The fact that Amazon, like any other data center-dependent business is not bulletproof also raises questions about why its customers don’t pursue a multi-cloud strategy or, if they’re going to rely solely on Amazon, why they put so much of their workload in one geography —  a practice Amazon itself advises against. Of course, it isn’t good practice for any vendor to blame snafus on its customers.

Presumably the tech folks at Instagram, Heroku, et al. know better. Earlier this month,  I asked Byron Sebastian, the Salesforce.com VP of platforms who runs the Heroku business, if Heroku was actively seeking other cloud platform partners. He said the company is always evaluating its options.

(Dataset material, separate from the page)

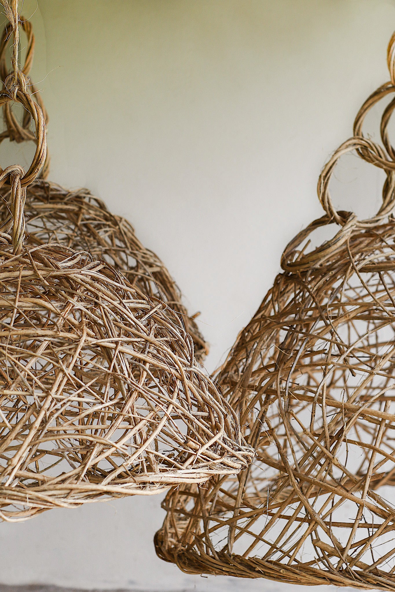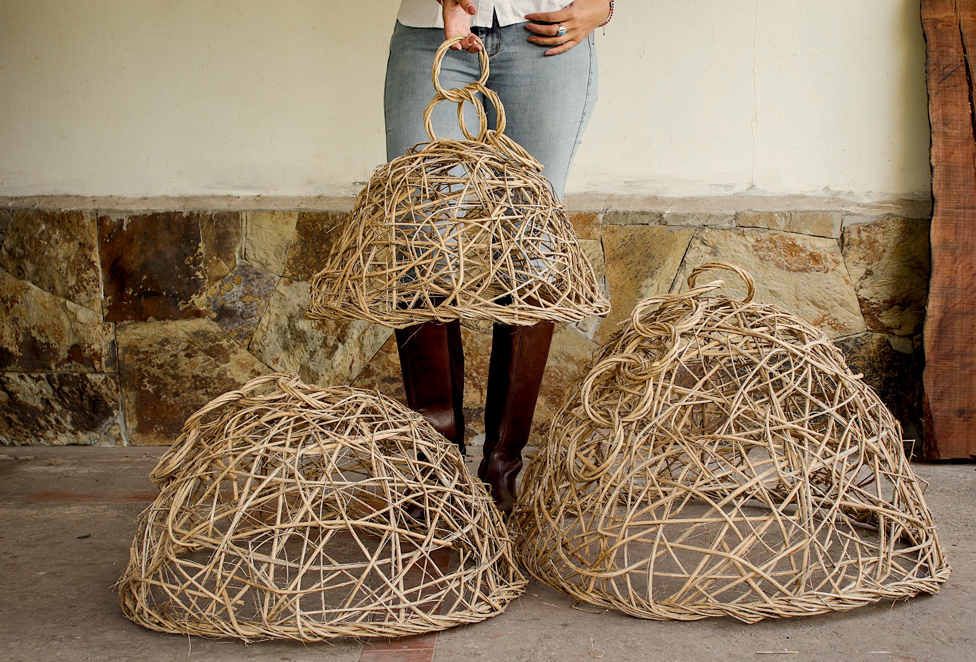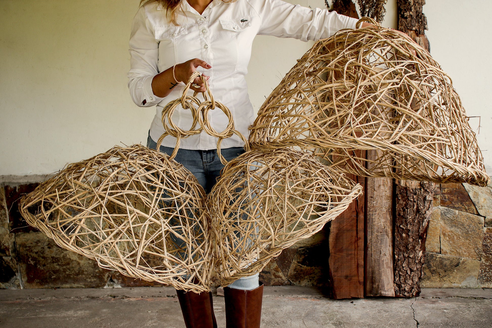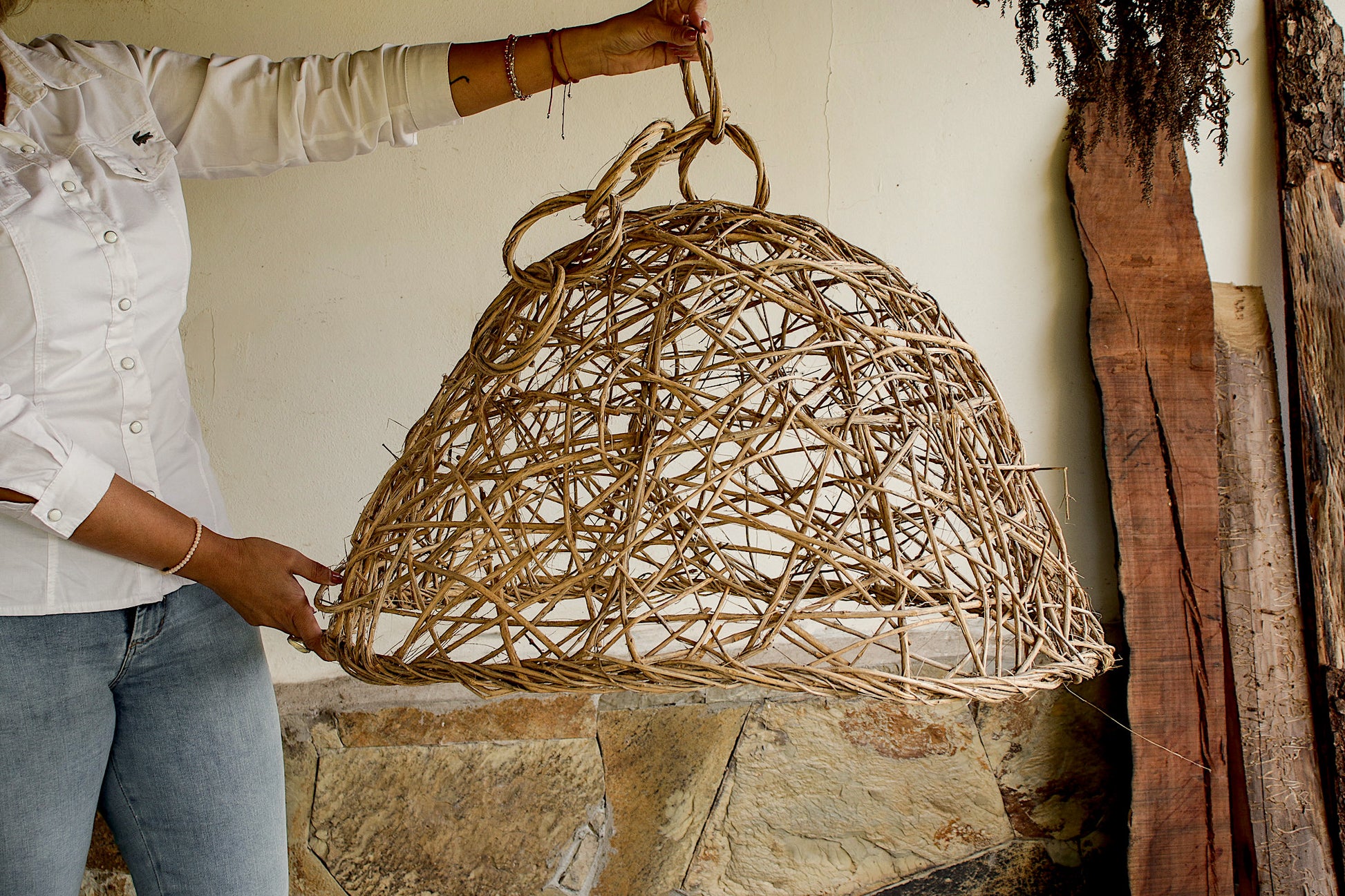 Las ramas se recolectan a mano y se limpian los gajos uno a uno con cuchillo hasta quedar la vara lisa, el trenzado y entrecruzado es artesanal, luego se deja secar entre 50 y 60 días.

Twitter was awash in comments. Many wondered why Amazon’s data center did not cut over to generator power while others, like Gartner analyst Lydia Leong preferred to wait to see what part Amazon’s data center operator played in this mess.

Reached for comment Saturday afternoon, an Amazon spokeswoman reiterated that the storm caused Amazon to lose primary and backup generator power to an availability zone in its east region overnight and that service had been mostly restored. She said the company would share more details in the coming days.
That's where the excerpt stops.